Now, I’m not a puritan, and sex and violence never offend me. It’s bad writing that offends me. You can add all of these elements in a game and it can still be great- strippers, BDSM nuns, hot assistants, whatever. A great example of a story with all these elements is Sin City. But you have to do it the right way. First, you shouldn’t treat the gamer like some sex-deprived maniac who will be go off such things. Secondly, weave these elements into the plot somehow. Listen, I don’t mind it even if you use it just to appeal to the gamer’s sexual abilities. I don’t think every sex scene should have a deeper meaning for the plot. A writer has a right to excite the reader with things, and sexual desire is a thing. But do it right. Do it respectfully. Thanks.

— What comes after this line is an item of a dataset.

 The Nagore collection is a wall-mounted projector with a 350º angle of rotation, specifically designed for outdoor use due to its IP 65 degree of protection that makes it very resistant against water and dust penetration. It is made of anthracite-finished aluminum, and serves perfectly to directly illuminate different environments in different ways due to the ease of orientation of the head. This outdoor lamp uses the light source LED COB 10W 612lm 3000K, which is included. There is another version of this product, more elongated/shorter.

It is a great shame for such a great game to have such a weak story.

Technical Issues

If this is the last thing I’m going to see, then at least make it with good graphics.

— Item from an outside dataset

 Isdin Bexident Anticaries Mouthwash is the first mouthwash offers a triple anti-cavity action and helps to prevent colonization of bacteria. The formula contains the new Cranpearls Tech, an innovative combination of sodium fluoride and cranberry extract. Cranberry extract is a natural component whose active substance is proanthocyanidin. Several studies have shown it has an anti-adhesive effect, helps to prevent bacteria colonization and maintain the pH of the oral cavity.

Great graphics. Fantastic. I really felt amazed when I saw 47 showering, and with the character models. People look like real people, and their faces really moves like a human, and everyone looks pretty (in an aesthetic way). People’s eyes, especially 47’s, look real and live. The scenery is beautiful, vast, and each level has a unique feel to it. The animations are fantastic, especially the ones where someone dies. Blood and gore are very realistic. This is one of the best graphics I have ever seen.

Sound is also great. All the voice actors and actresses do a perfect job. Now, since the dialogue sucks you might fail to notice that, but the voices do a great job. There are many celebrity actors, and many of them also appeared on Deadwood, so something is going on here perhaps. The music is also acceptable. One of the few great moments of the games was when Ave Maria started playing in a church, which is nostalgic for the gamers of the second game.

Overall, the game is successful in the technical department too.

There are of course bugs. One of them provided a very pleasant experience for my friends, when you undress a dude he suddenly turns black. This “racist bug” was very amusing to my friends who kept analyzing it to mockingly prove I’m racist. Other bugs are when the AI chooses not to function all of a sudden, and things like that. None of these bugs are that serious, unless you are a PS3 or X360 gamer. I have read that these versions of the games faced crashes, freezings and corrupt saves. IO Interactive has promised to work on these issues. As a PC gamer, I never saw a serious bug.

Overall: No matter how bad the story, you know how the cliche goes: what truly matters is the gameplay. Well, the gameplay is great, so buy the game and play it. You’ll grind your teeth through the story, but the overall experience is worth it.